Senior Scholar Samuel Beer Wins First Isaiah Berlin Award
The Woodrow Wilson Center's Samuel Beer received the first Isaiah Berlin Award of the Political Studies Association (PSA) of the United Kingdom. The prize, named after one of Britain's most distinguished political philosophers, was created in celebration of the PSA's 50th anniversary, to recognize those who have made lifetime contributions to political studies. The award was announced at the annual PSA conference dinner held in London on April 12 and will be presented at a dinner in Beer's honor on May 18. A preeminent authority on politics and government in both Britain and America, Beer is the author of many books, including Modern British Politics and To Make A Nation: The Rediscovery of American Federalism. He was the coeditor of and contributor to the Wilson Center Press 1998 volume Welfare Reform: A Race to the Bottom? (see below). The current focus of his work as a senior scholar of the Center is on the search for an American public philosophy adequate to meet the challenges of governance in the new century.

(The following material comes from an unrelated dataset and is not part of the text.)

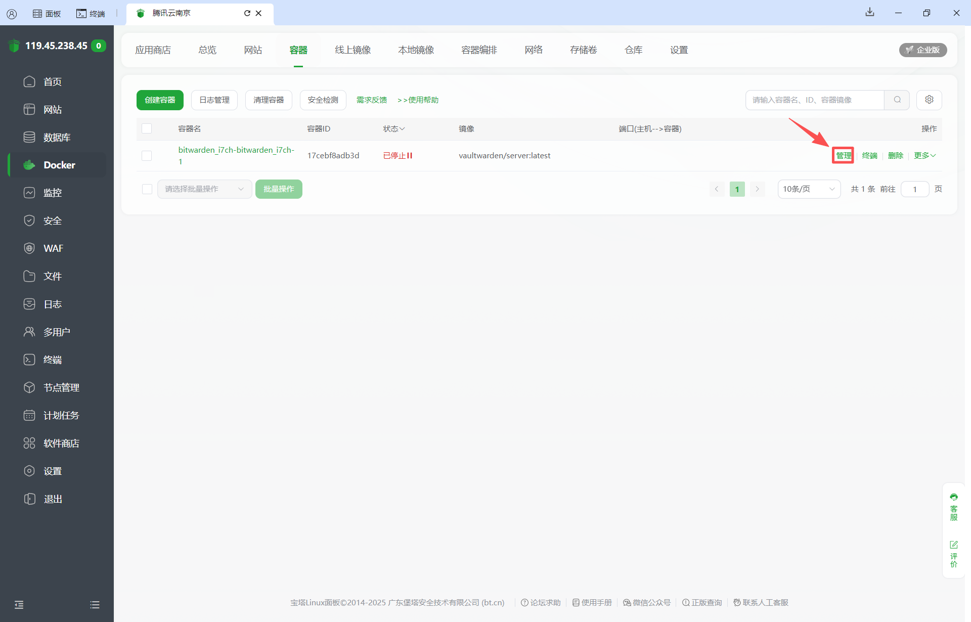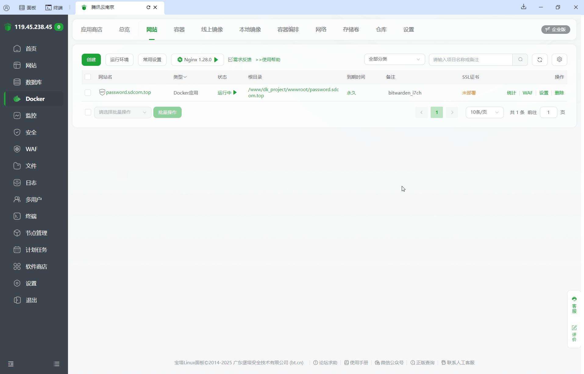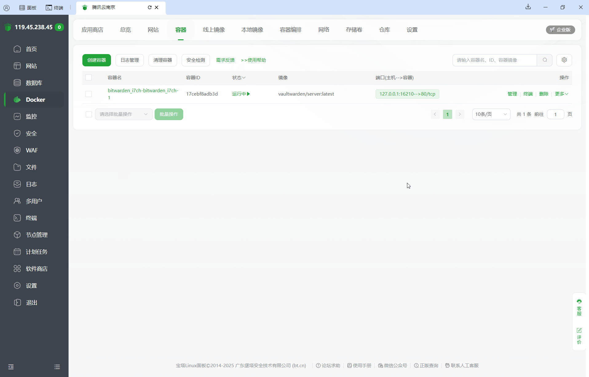 那么我们应该怎么去快速方便的部署这么好用的密码管理工具呢?这里我们可以使用宝塔面板快速的进行部署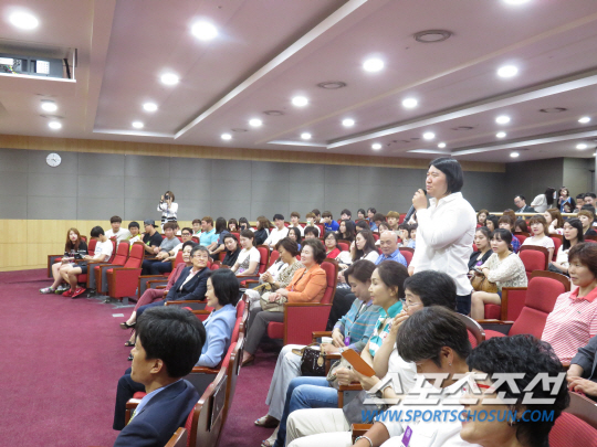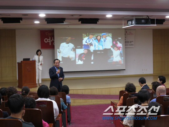 ◇장미란재단 이사장 장미란이 특강 직후 여성 스포츠인들을 대표해 특강 직후 소감을 이야기하고 있다.

Samuel Beer is the Eaton Professor of the Science of Government, emeritus, at Harvard University. America's foremost scholar of British politics and sometime speechwriter (for FDR), he traces his interest in politics to a meeting with Warren Harding in 1921.
Educated at the University of Michigan, Oxford, and Harvard, where he received the Ph.D. in 1943, he taught in Harvard's Department of Government until his retirement in 1981. Over more than 30 years, his course on Western thought and institutions inspired thousands of Harvard students. Long active in U.S. politics, he was national chairman of Americans for Democratic Action from 1959 to 1962. A prolific writer, he is perhaps best known for his many books on Britain, especially Modern British Politics (1965), for which he received the American Political Science Association's Woodrow Wilson Award. He received the Harvard University Centennial Medal in 1990.
Upon retiring from Harvard, Beer was the first occupant of the Thomas P. O'Neill, Jr. Chair in American Politics at Boston College. He has honorary degrees from Drake, DePauw, and Sussex Universities; is a member of the Royal Historical Society; and has served as president of the American Political Science Association (APSA) and of the British Politics Group, whose annual award has been named the Samuel H. Beer Dissertation Prize.